Start of Input

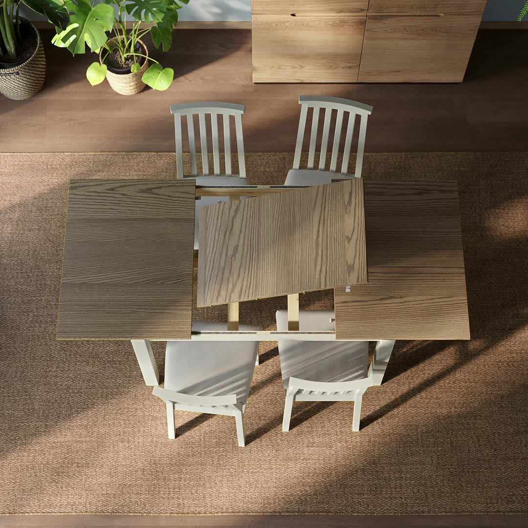 El tablero de extensión aumenta la superficie de la mesa y permite que entren dos personas más.
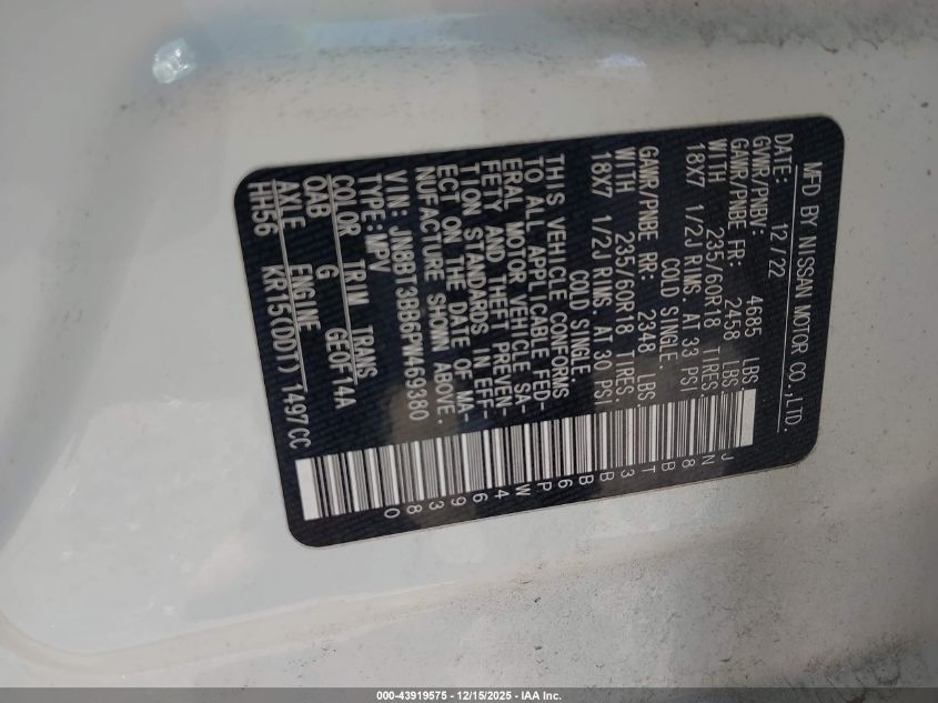 2023 NISSAN ROGUE - JN8BT3BB6PW469380, цвет - Белый, 1.5, Бензин, Полный привод из США
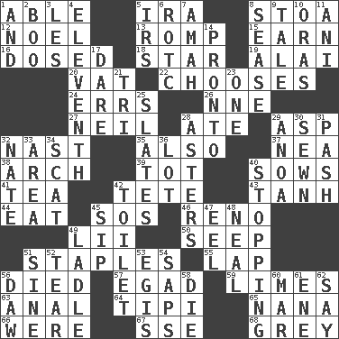 ACROSS 1. Competent 5. Lyricist Gershwin 8. Portico 12. Christmas carol 13. Play 15. Merit 16. Administered medicine 18. Play the lead 19. Jai _ 20. Large container 22. Elects 24. Blunders 26. Compass dir. 27. Famous astronaut Armstrong 28. Had dinner 29. Cleo's killer 32. Political cartoonist Thomas 35. In addition 37. Teachers' org. 38. Bowlike part 39. Small child 40. Sty mamas 41. Afternoon social gathering 42. Wig 43. Hyperbolic tangent 44. Ingest 45. Distress signal 46. Former U.S. Attorney General Janet 49. Cards in a Roman deck? 50. Ooze 51. Paper fasteners 55. Pet locale 56. Passed on 57. Mild oath 59. Citrus fruits 63. Of or related to the anus 64. Native american tent (variation) 65. Nanny 66. Past tense of be (plural) 67. Compass dir. 68. Jennifer or Joel DOWN 1. Also 2. Oct. 31 cry 3. French article 4. Veterans Day date 5. Big collection agency 6. College mil. group 7. Housemaid 8. Gospel singer Marvin 9. Lie 10. Mouths or openings 11. Cuckoo 14. Right away 17. Have the gumption 21. Three (prefix) 23. Single 25. Chalkboards 28. Michaelmas daisies 29. Small Philippine buffalo 30. Stitched 31. Romantic infatuation 32. Nathan's nickname 33. Length times width 34. Go away! 36. Car dealer's back yard 40. Constricting 42. Bathroom plumbing fixture 45. Small drink 47. Snakelike fish 48. Anneal 49. Dipping utensil 51. Trig term 52. Pull into pieces 53. The front part of a cuirass 54. Plant excrements 56. Obsolete 58. Pass on 60. Impair 61. Compass dir. 62. Declare
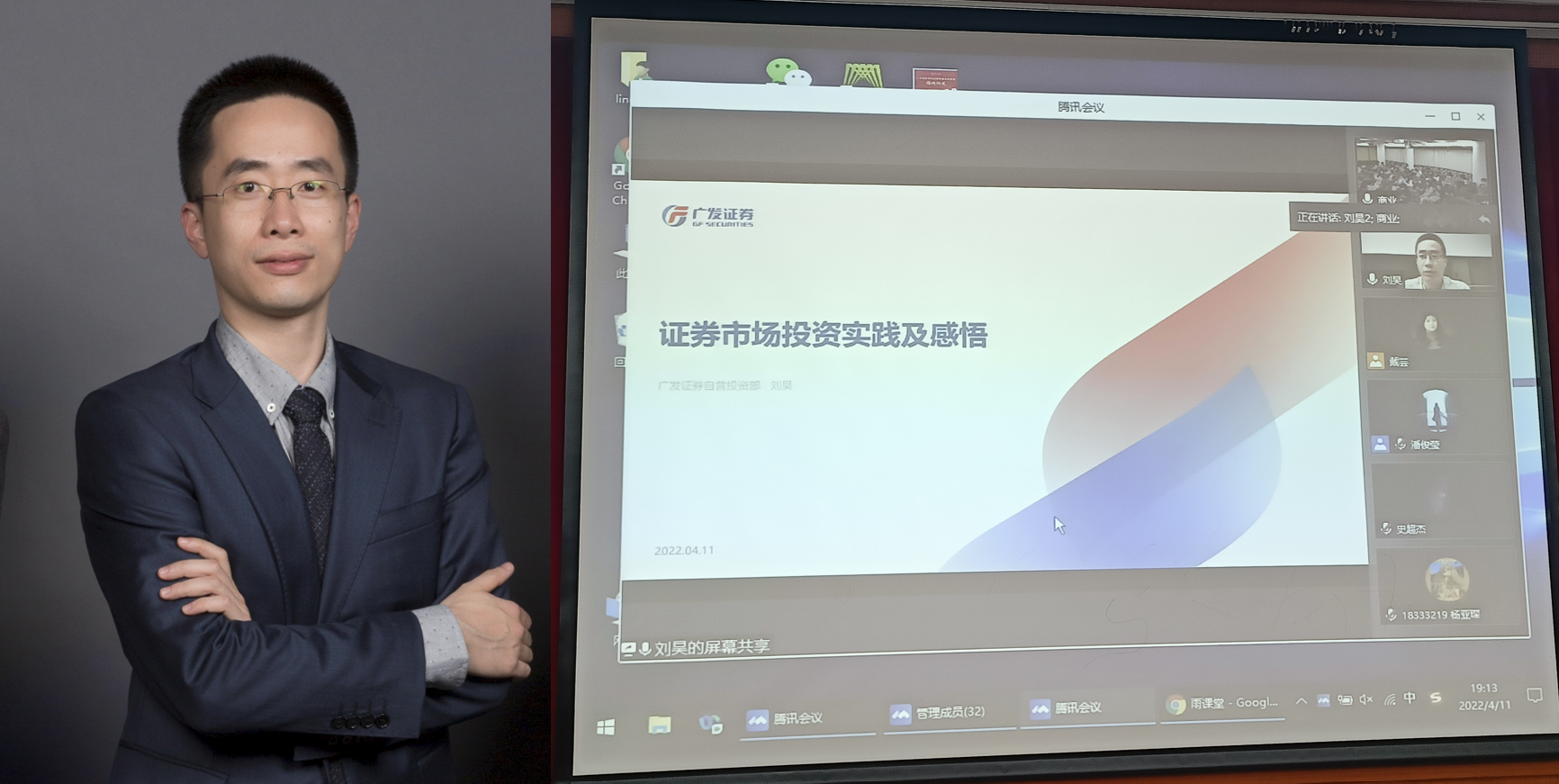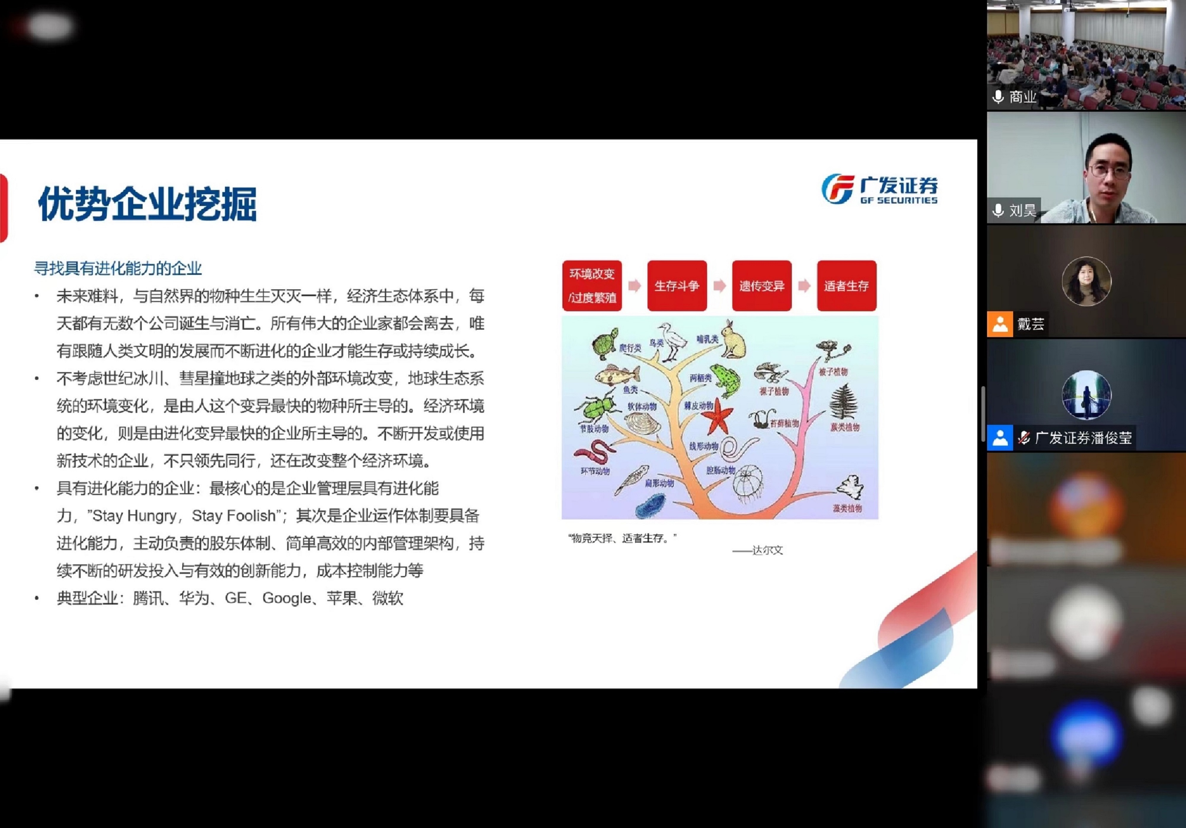 讲座主持人戴芸老师向同学们介绍了刘昊博士在银行及证券行业的职业背景,并对嘉宾的参与表示诚挚的欢迎。刘昊博士分享了他对证券投资实践的经验以及对企业价值的判断逻辑,为同学们带来一场引人入胜、说理透彻的线上讲座,进一步启发同学们对证券市场投资的深刻思考。
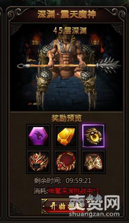 深渊·震天魔神。盘踞在45层深渊之中,也就是说当玩家通关普通模式第45层,就有一定概率会刷出这个BOSS来。
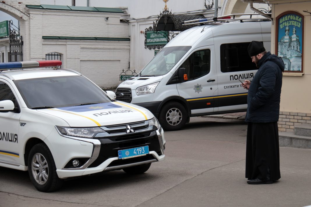 un preot si masini ale politiei la Lavra Pecerska dupa ce Biserica afiliata Moscovei a fost obligata sa paraseasca manastireaFoto: Eugen Kotenko / Avalon / Profimedia
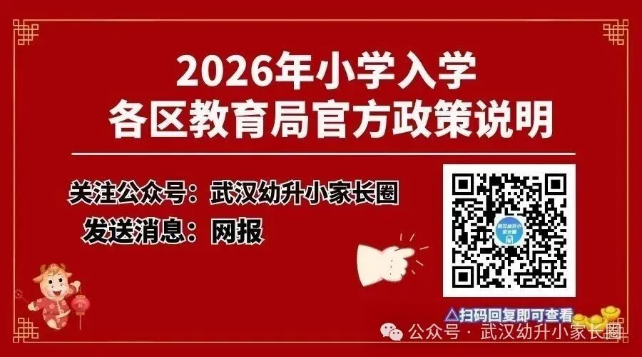 2026年各区武汉幼升小小学入学官方说明出炉! 扫码即可加入2026幼升小交流群 各区政策出炉汇第一时间发布哟, 辛苦大家随时回复查看! 也欢迎到群里沟通交流! 武汉各区2026年网报政策 网报流程 时间与资料 目前已出炉2026年武汉各区小学入学政策情况如下 事关孩子上学!市教育局发布 2026 年中小学新生招生工作安排!(网报时间+详细时间节点) 2026年义务教育武汉小学入学网报公办小学报名保姆级攻略! 2026年江岸区小学新生入学网上信息登记公告 2026年武昌区小学新生入学操作攻略 2026年江汉区小学新生入学指南 小学新生登记网报怎么报?洪山区官方指南来了 武汉经开区2026年秋季小学一年级新生入学信息登记公告 2026年蔡甸区小学新生入学招生工作指南 2026年黄陂区小学新生入学登记公告 新洲区2026年小学新生入学指南 扫码即可加入各区幼升小交流群 扫码加入👇 扫码即可加入2026幼升小交流群 推荐阅读 武汉上小学网报全流程+步骤+常见问题一文看懂! 2026年武汉幼升小小学入学网报时间 2026 武汉幼升小必看!14 区网报材料,户籍房产别备错 武汉幼升小家长注意!3 月网报启动,时间节点错了直接后悔 武汉幼升小4次择校机会,一文理清!公办+民办全覆盖,家长直接收藏 这些小学1年级开始就学英语了!汉阳的是怎么回事? 2026武汉幼升小:小学入学出现这几种情况,这些情形一律统筹入学! 给2026年一年级新同学的入学准备清单
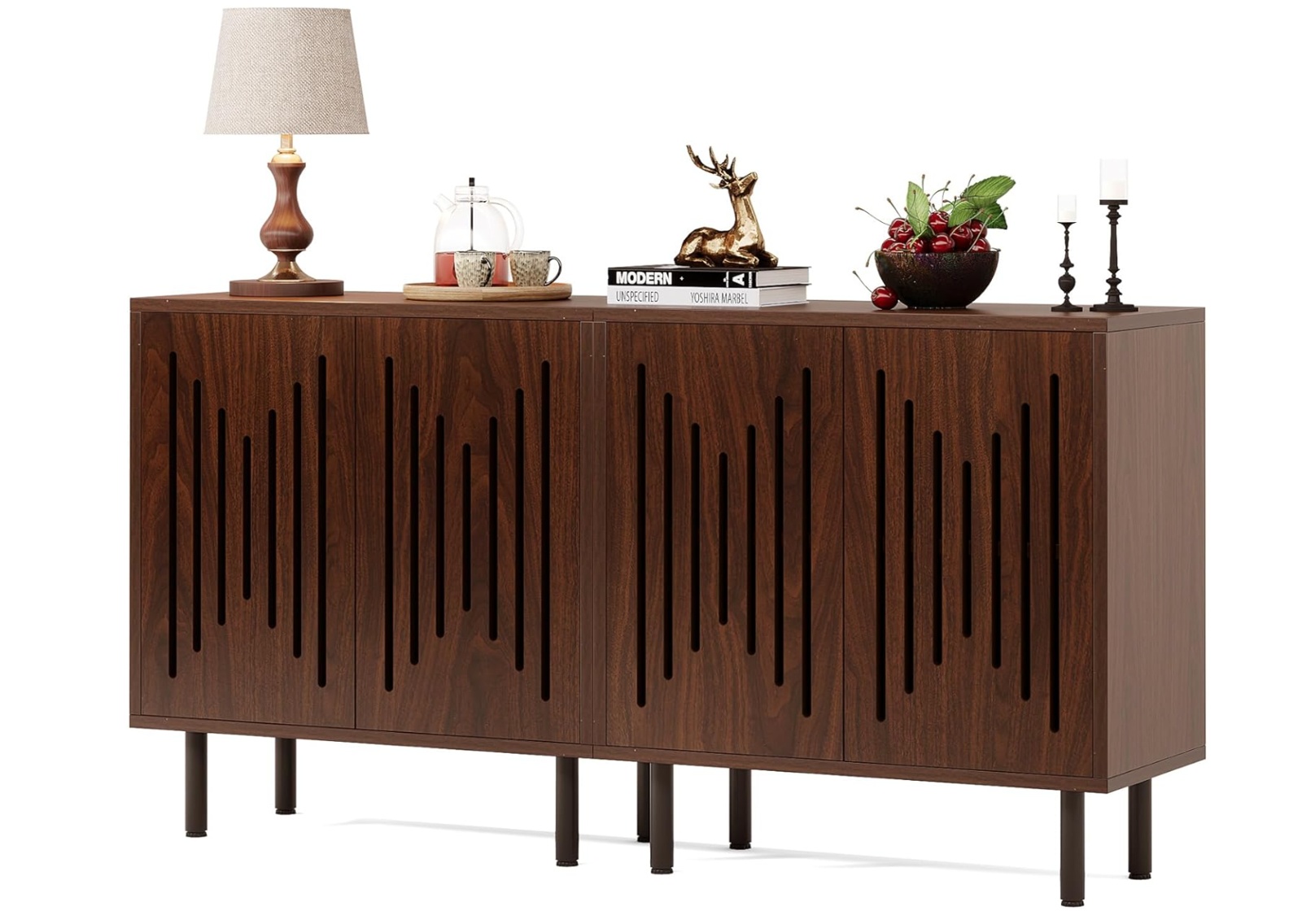 Sleek walnut sideboard with vertical slat doors and modern black legs. Perfect for dining rooms or entryways seeking minimalist, mid-century warmth.
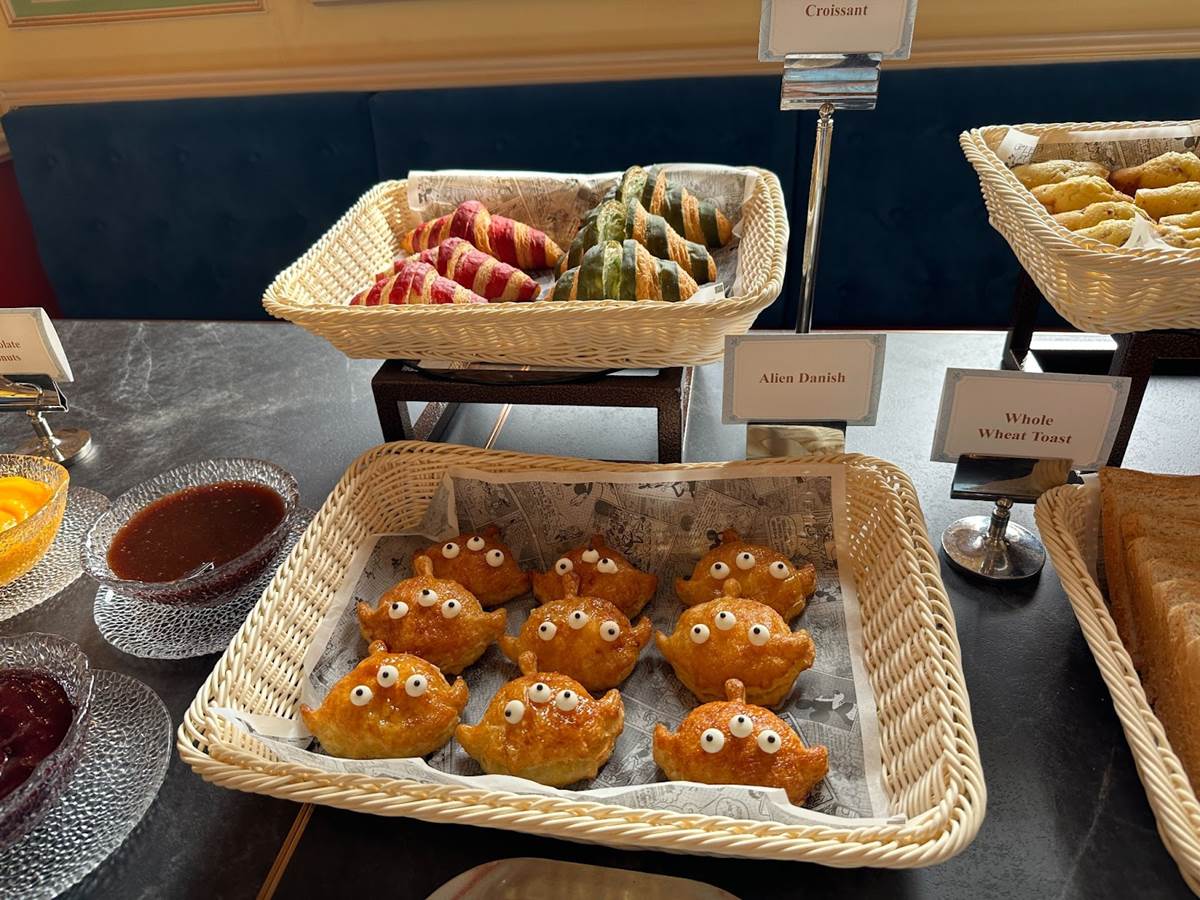 The buffet featured lots of Disney-themed dishes. My personal favorite was a pastry that looked like the Little Green Men from Toy Story, which was cream filled.

End of Input

> **Your assignment**
Your task is to retype exactly the lines that run from the line with "深渊·震天魔神。盘踞在45层" through the last line of the material, with the pictures left out.

> **Expected output**
 深渊·震天魔神。盘踞在45层深渊之中,也就是说当玩家通关普通模式第45层,就有一定概率会刷出这个BOSS来。
 un preot si masini ale politiei la Lavra Pecerska dupa ce Biserica afiliata Moscovei a fost obligata sa paraseasca manastireaFoto: Eugen Kotenko / Avalon / Profimedia
 2026年各区武汉幼升小小学入学官方说明出炉! 扫码即可加入2026幼升小交流群 各区政策出炉汇第一时间发布哟, 辛苦大家随时回复查看! 也欢迎到群里沟通交流! 武汉各区2026年网报政策 网报流程 时间与资料 目前已出炉2026年武汉各区小学入学政策情况如下 事关孩子上学!市教育局发布 2026 年中小学新生招生工作安排!(网报时间+详细时间节点) 2026年义务教育武汉小学入学网报公办小学报名保姆级攻略! 2026年江岸区小学新生入学网上信息登记公告 2026年武昌区小学新生入学操作攻略 2026年江汉区小学新生入学指南 小学新生登记网报怎么报?洪山区官方指南来了 武汉经开区2026年秋季小学一年级新生入学信息登记公告 2026年蔡甸区小学新生入学招生工作指南 2026年黄陂区小学新生入学登记公告 新洲区2026年小学新生入学指南 扫码即可加入各区幼升小交流群 扫码加入👇 扫码即可加入2026幼升小交流群 推荐阅读 武汉上小学网报全流程+步骤+常见问题一文看懂! 2026年武汉幼升小小学入学网报时间 2026 武汉幼升小必看!14 区网报材料,户籍房产别备错 武汉幼升小家长注意!3 月网报启动,时间节点错了直接后悔 武汉幼升小4次择校机会,一文理清!公办+民办全覆盖,家长直接收藏 这些小学1年级开始就学英语了!汉阳的是怎么回事? 2026武汉幼升小:小学入学出现这几种情况,这些情形一律统筹入学! 给2026年一年级新同学的入学准备清单
 Sleek walnut sideboard with vertical slat doors and modern black legs. Perfect for dining rooms or entryways seeking minimalist, mid-century warmth.
 The buffet featured lots of Disney-themed dishes. My personal favorite was a pastry that looked like the Little Green Men from Toy Story, which was cream filled.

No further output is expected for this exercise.